BEGIN
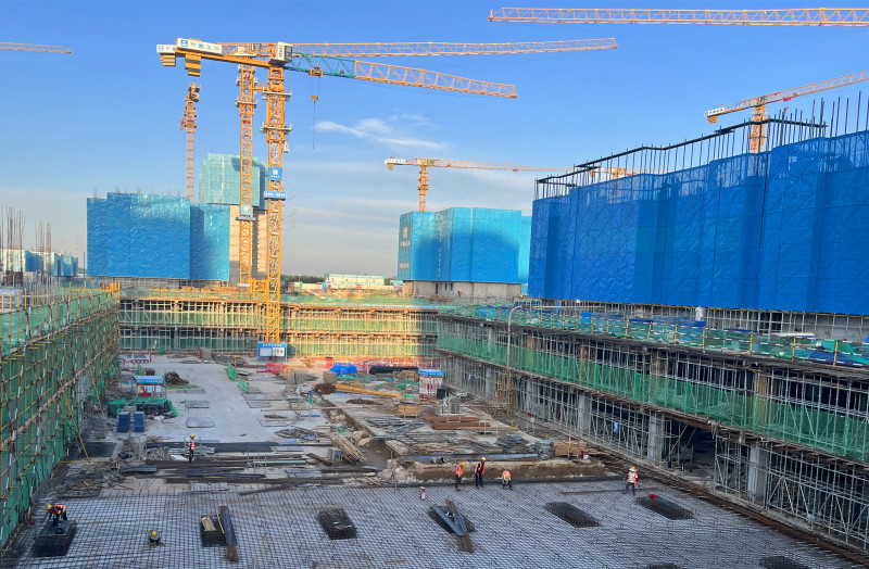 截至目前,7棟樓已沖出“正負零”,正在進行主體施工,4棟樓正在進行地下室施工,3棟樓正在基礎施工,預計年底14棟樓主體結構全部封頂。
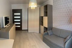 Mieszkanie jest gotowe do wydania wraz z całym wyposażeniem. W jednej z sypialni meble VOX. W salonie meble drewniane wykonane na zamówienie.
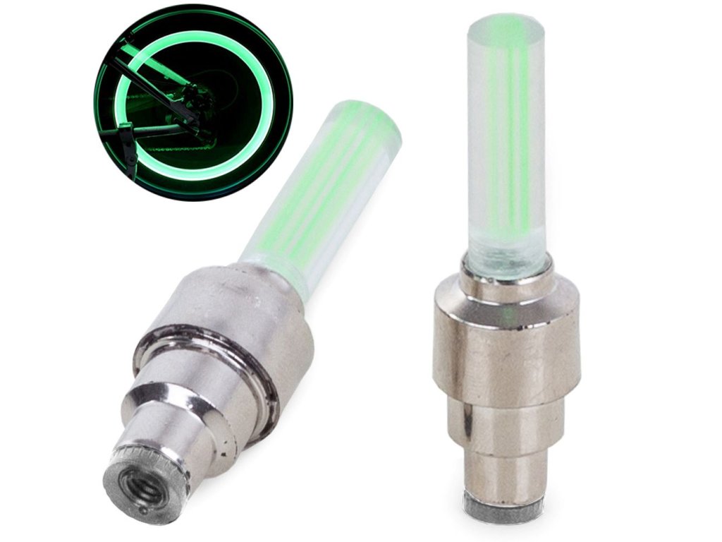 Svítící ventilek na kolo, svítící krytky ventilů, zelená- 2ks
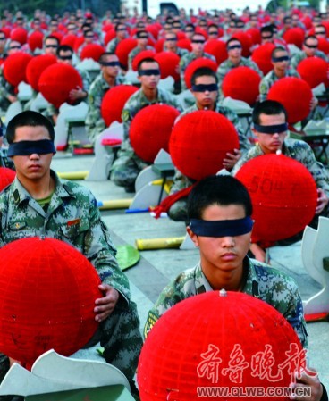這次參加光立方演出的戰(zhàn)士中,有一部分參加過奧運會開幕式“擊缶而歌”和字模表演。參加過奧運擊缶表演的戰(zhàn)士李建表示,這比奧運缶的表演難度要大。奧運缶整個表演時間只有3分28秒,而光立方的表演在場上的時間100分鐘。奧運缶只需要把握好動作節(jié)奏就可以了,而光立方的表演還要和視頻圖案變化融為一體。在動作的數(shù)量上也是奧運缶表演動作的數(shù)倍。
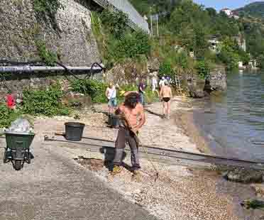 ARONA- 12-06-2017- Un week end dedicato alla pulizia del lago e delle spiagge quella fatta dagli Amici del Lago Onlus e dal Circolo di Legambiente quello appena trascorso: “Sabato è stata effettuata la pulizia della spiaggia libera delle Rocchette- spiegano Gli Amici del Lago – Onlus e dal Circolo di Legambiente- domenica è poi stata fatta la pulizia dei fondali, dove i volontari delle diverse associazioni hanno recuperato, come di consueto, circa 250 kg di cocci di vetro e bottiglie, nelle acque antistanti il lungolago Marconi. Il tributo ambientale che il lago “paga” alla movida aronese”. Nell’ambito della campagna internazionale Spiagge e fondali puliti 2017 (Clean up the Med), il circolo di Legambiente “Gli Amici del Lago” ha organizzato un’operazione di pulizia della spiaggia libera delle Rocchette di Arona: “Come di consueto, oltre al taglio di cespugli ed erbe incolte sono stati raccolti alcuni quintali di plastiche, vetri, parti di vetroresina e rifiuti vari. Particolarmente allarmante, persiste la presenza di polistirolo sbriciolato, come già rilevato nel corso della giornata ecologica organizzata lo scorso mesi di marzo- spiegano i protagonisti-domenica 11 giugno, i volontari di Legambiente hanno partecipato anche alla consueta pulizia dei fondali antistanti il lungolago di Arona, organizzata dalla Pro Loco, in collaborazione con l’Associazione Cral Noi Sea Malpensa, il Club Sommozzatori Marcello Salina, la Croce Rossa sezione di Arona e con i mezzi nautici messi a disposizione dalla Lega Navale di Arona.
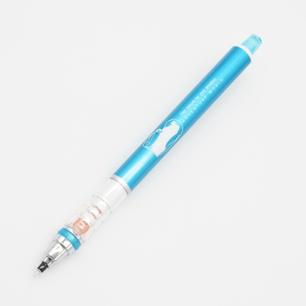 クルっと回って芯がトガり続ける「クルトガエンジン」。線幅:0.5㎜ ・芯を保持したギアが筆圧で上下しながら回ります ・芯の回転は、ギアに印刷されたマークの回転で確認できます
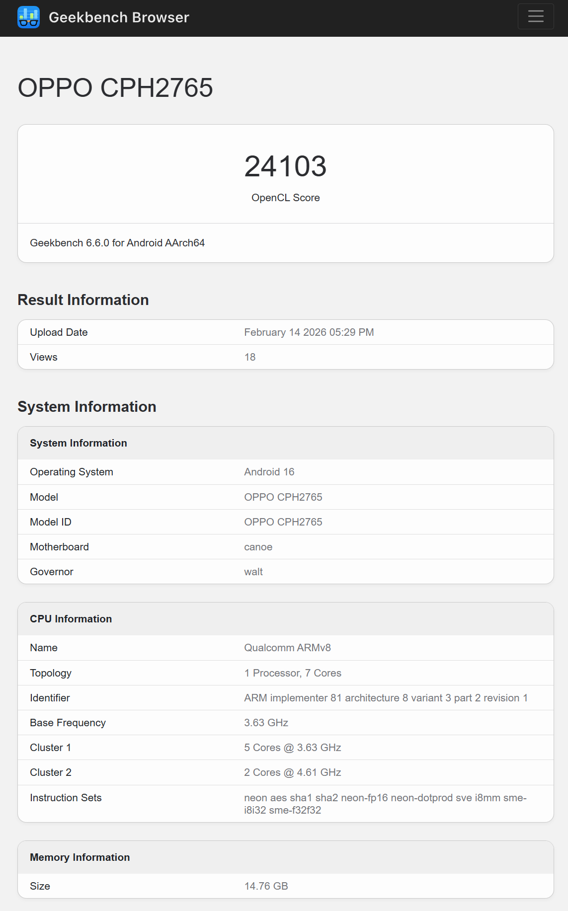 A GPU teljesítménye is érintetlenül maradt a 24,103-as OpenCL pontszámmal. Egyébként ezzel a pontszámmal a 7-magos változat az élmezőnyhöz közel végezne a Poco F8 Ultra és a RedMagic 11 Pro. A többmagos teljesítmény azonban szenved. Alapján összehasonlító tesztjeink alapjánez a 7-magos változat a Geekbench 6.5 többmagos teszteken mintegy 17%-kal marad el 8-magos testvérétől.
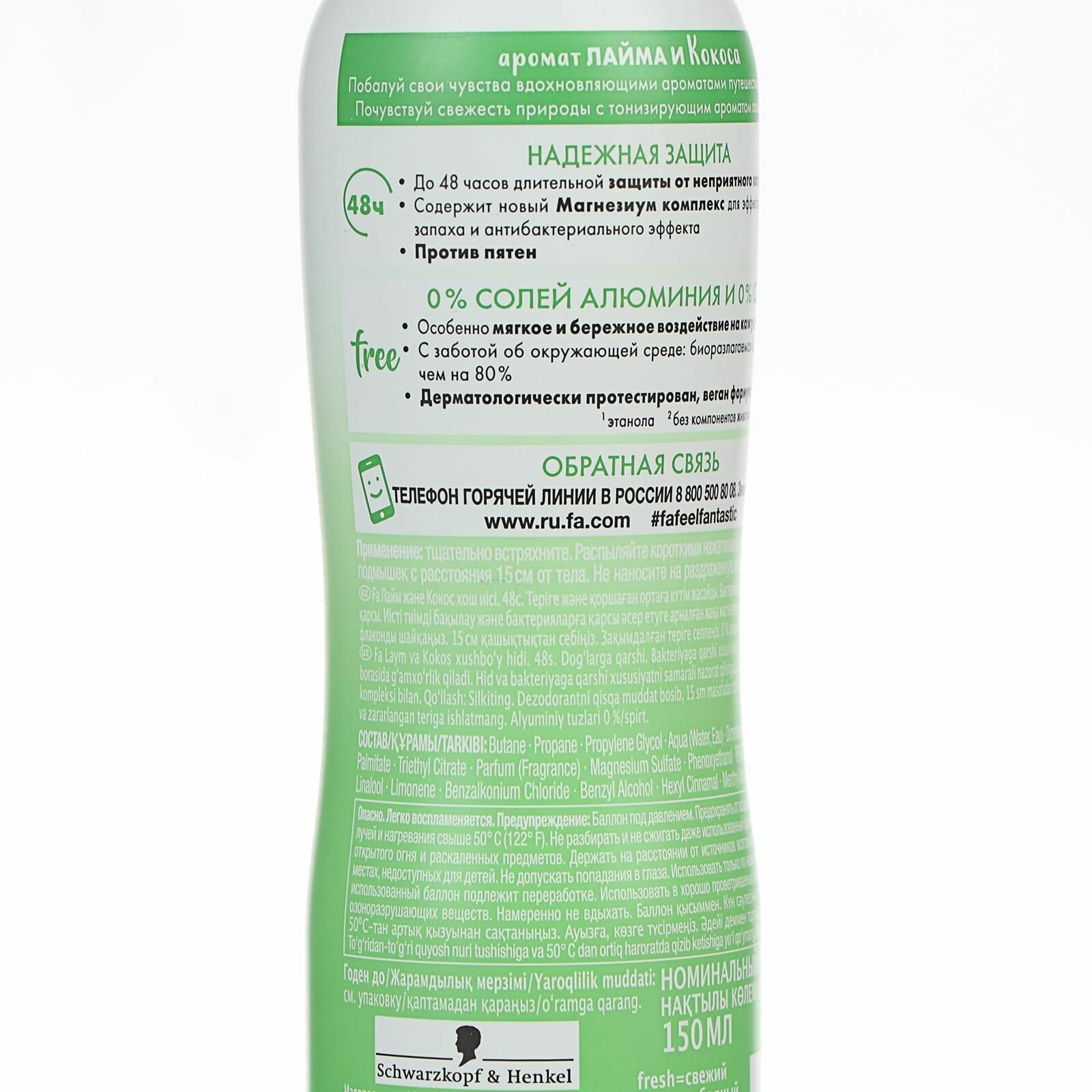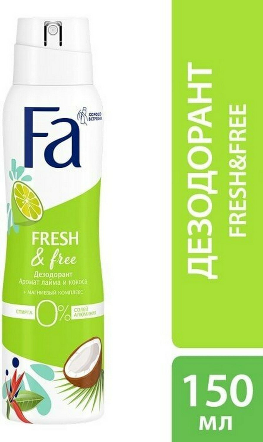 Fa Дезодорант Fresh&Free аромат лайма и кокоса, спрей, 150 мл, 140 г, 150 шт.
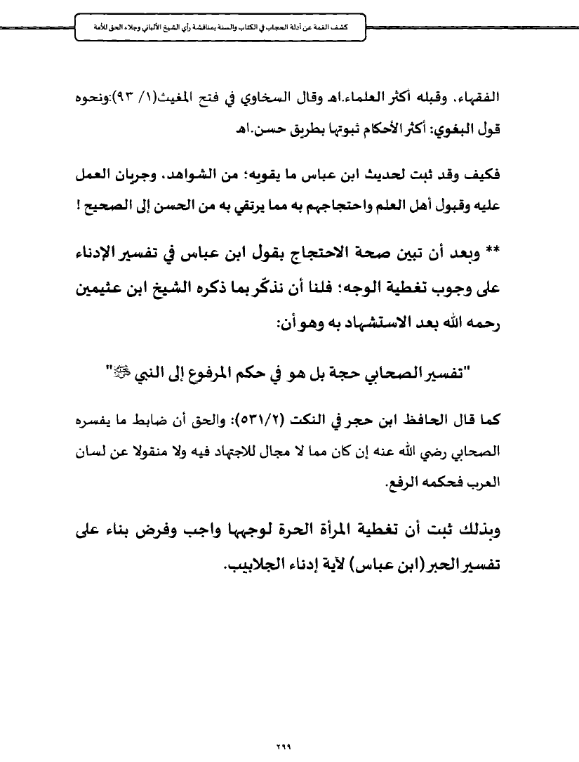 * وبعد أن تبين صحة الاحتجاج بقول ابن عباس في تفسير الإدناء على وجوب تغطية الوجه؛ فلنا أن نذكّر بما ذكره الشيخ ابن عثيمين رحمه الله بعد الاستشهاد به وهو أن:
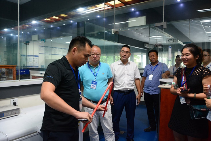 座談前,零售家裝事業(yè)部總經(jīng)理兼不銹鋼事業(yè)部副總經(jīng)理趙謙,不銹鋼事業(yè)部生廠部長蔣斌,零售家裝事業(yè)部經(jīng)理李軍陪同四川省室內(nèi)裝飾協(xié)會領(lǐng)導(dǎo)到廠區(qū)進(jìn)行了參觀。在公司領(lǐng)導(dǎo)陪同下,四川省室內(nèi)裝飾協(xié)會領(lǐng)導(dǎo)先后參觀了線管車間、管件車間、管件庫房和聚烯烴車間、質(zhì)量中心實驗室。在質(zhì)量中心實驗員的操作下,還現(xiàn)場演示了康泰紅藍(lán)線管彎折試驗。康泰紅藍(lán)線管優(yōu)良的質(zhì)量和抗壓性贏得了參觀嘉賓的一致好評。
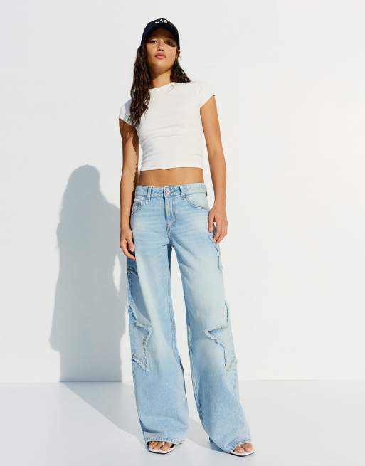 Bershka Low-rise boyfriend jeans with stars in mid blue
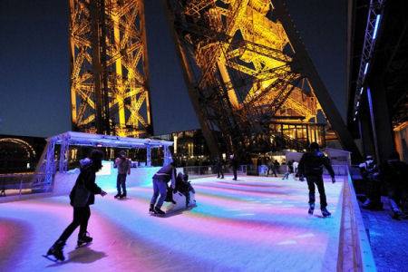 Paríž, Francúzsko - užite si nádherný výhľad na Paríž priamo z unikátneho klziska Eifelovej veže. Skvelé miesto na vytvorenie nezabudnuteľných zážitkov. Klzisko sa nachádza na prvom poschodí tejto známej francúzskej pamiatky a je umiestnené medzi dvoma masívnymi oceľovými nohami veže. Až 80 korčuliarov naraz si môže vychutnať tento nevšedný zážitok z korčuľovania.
END
Within the listing above, extract exactly the lines that run from the one containing "Svítící ventilek na" through the one containing "這次參加光立方演出的戰(zh", excluding any pictures.

> **RESULT OF THIS EXERCISE**
 Svítící ventilek na kolo, svítící krytky ventilů, zelená- 2ks
這次參加光立方演出的戰(zhàn)士中,有一部分參加過奧運會開幕式“擊缶而歌”和字模表演。參加過奧運擊缶表演的戰(zhàn)士李建表示,這比奧運缶的表演難度要大。奧運缶整個表演時間只有3分28秒,而光立方的表演在場上的時間100分鐘。奧運缶只需要把握好動作節(jié)奏就可以了,而光立方的表演還要和視頻圖案變化融為一體。在動作的數(shù)量上也是奧運缶表演動作的數(shù)倍。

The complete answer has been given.